▸ **What the task requires**
I'd like the entire listing output verbatim, apart from the pictures.

▸ **Supplied data**
------------------------------------------------
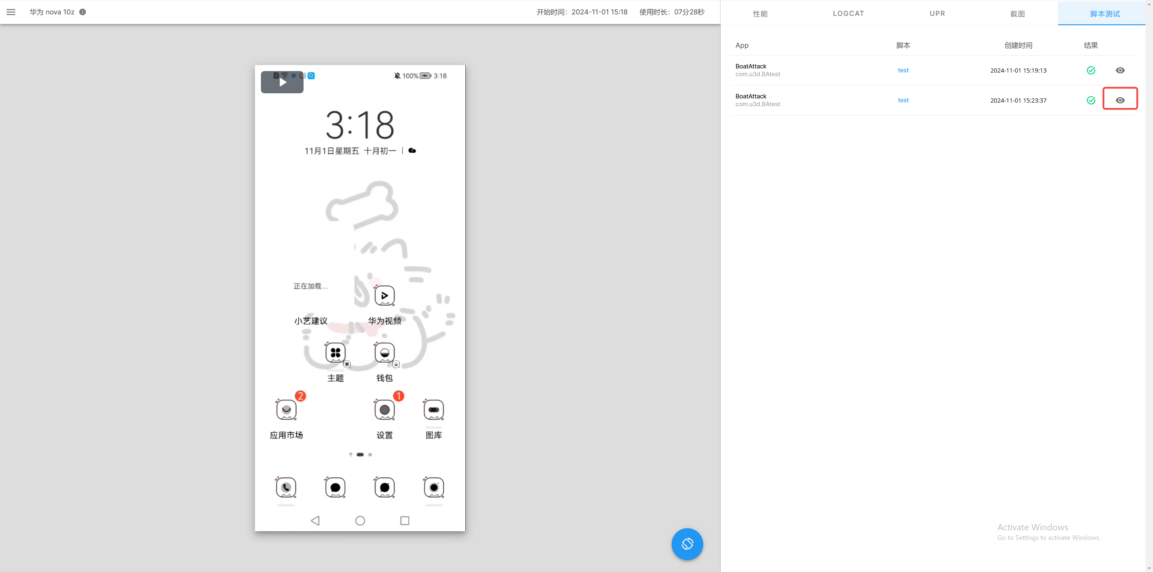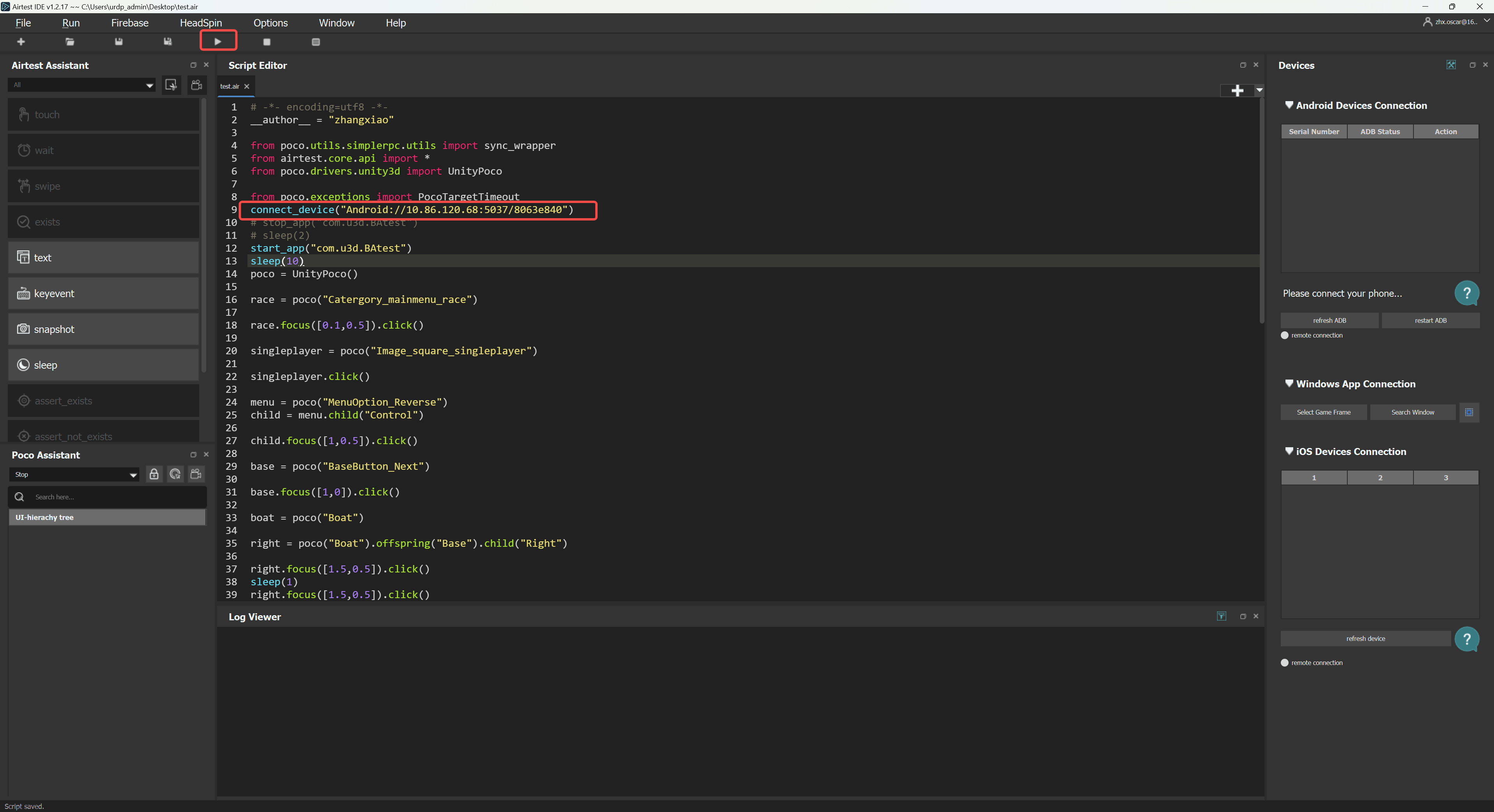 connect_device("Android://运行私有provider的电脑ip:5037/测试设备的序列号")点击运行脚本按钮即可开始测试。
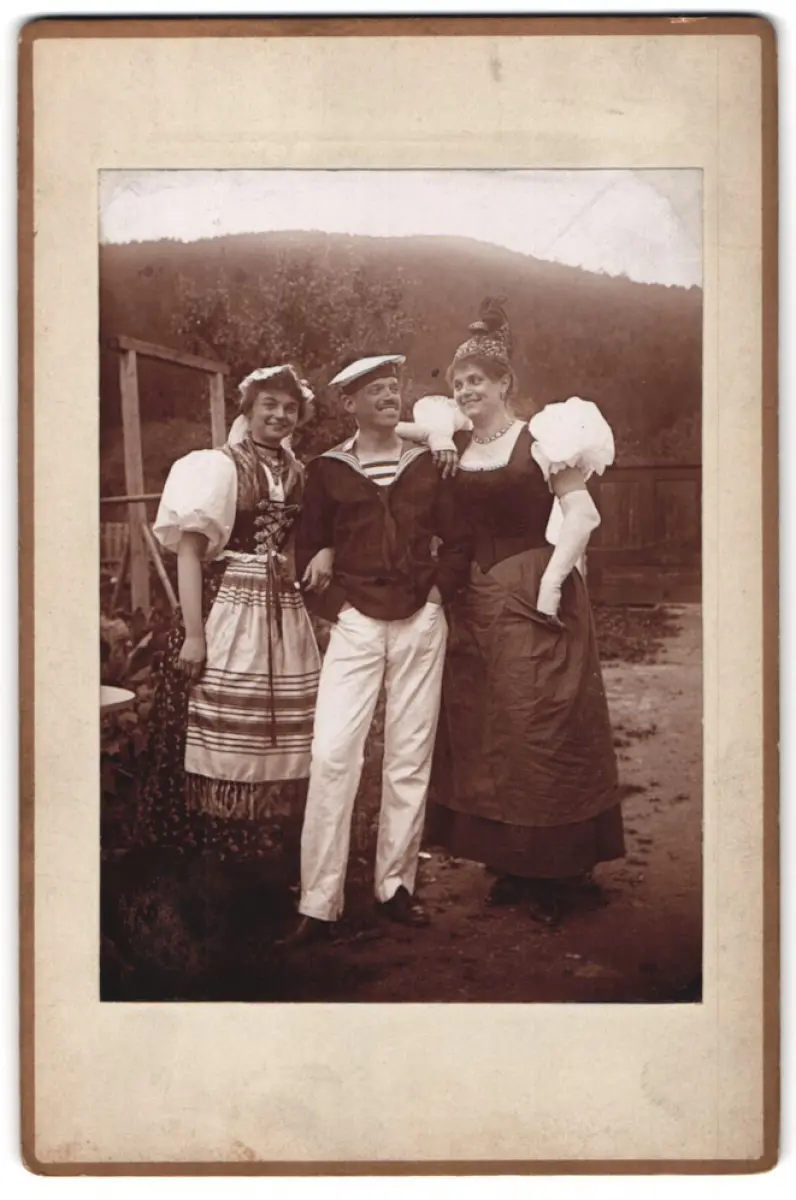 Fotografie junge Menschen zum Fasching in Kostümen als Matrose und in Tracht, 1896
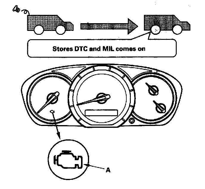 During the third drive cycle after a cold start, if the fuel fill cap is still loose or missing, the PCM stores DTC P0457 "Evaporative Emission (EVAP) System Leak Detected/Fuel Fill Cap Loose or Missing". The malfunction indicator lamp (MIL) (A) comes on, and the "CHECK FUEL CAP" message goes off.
------------------------------------------------
▸ **Answer area**
 connect_device("Android://运行私有provider的电脑ip:5037/测试设备的序列号")点击运行脚本按钮即可开始测试。
 Fotografie junge Menschen zum Fasching in Kostümen als Matrose und in Tracht, 1896
 During the third drive cycle after a cold start, if the fuel fill cap is still loose or missing, the PCM stores DTC P0457 "Evaporative Emission (EVAP) System Leak Detected/Fuel Fill Cap Loose or Missing". The malfunction indicator lamp (MIL) (A) comes on, and the "CHECK FUEL CAP" message goes off.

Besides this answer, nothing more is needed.